Would you print exactly the lines that begin the listing and continue through the line holding "На Углях, шашлычная"? No pictures, please.
Supplied information section start
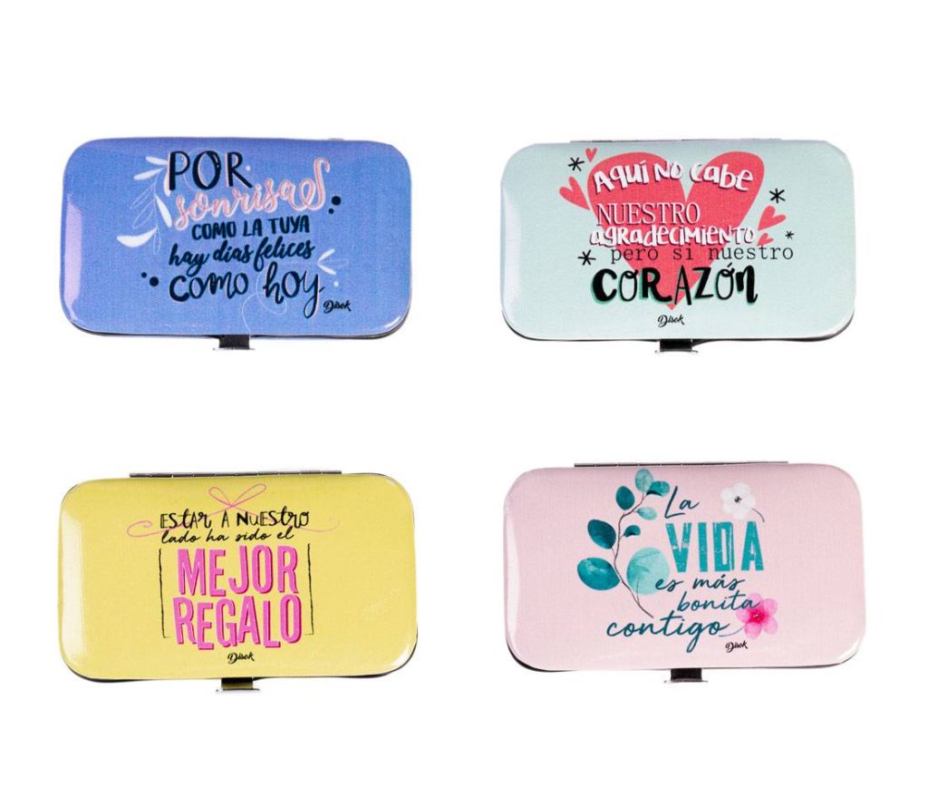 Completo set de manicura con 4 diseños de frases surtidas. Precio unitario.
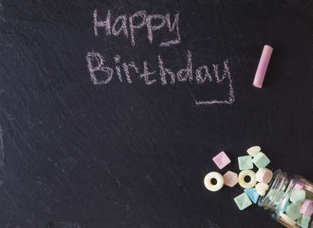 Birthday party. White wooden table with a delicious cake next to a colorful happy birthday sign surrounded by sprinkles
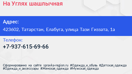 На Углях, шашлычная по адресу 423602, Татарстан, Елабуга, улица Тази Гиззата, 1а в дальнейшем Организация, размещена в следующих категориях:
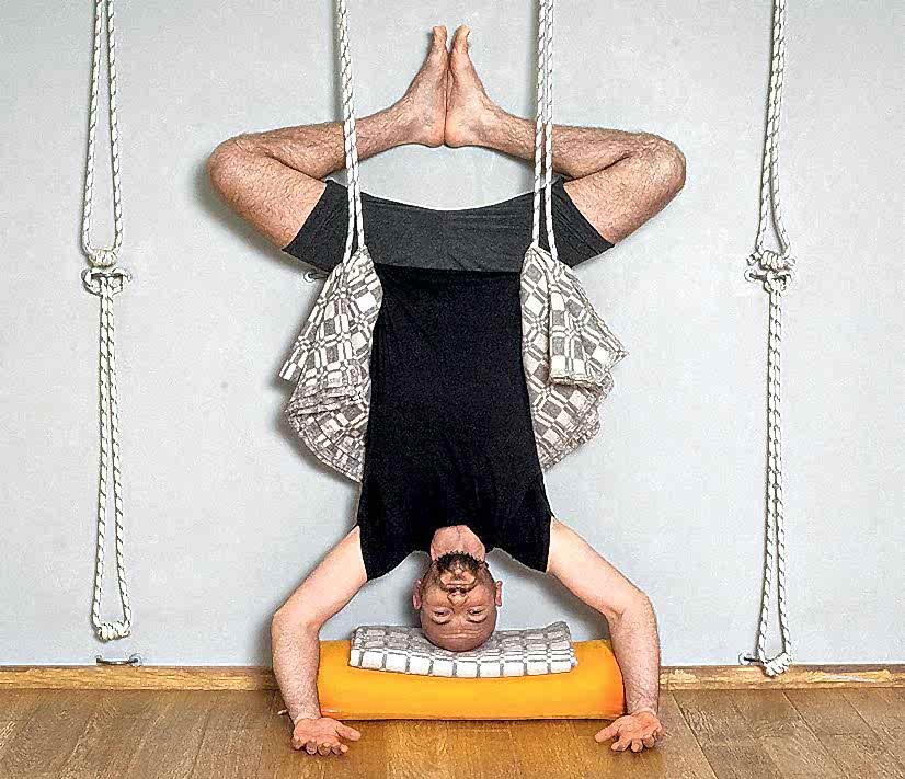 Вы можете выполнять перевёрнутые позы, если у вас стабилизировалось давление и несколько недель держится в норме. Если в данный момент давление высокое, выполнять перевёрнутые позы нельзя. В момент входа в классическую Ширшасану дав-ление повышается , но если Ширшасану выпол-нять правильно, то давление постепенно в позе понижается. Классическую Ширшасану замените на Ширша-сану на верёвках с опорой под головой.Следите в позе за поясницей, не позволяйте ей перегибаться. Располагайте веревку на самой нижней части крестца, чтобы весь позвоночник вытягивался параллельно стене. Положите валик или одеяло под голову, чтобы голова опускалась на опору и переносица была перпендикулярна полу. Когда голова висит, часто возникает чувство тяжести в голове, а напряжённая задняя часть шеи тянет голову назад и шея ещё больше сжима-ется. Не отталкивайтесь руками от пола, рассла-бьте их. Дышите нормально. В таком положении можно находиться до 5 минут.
Supplied information section end
(Solution for this task):
 Completo set de manicura con 4 diseños de frases surtidas. Precio unitario.
 Birthday party. White wooden table with a delicious cake next to a colorful happy birthday sign surrounded by sprinkles
 На Углях, шашлычная по адресу 423602, Татарстан, Елабуга, улица Тази Гиззата, 1а в дальнейшем Организация, размещена в следующих категориях:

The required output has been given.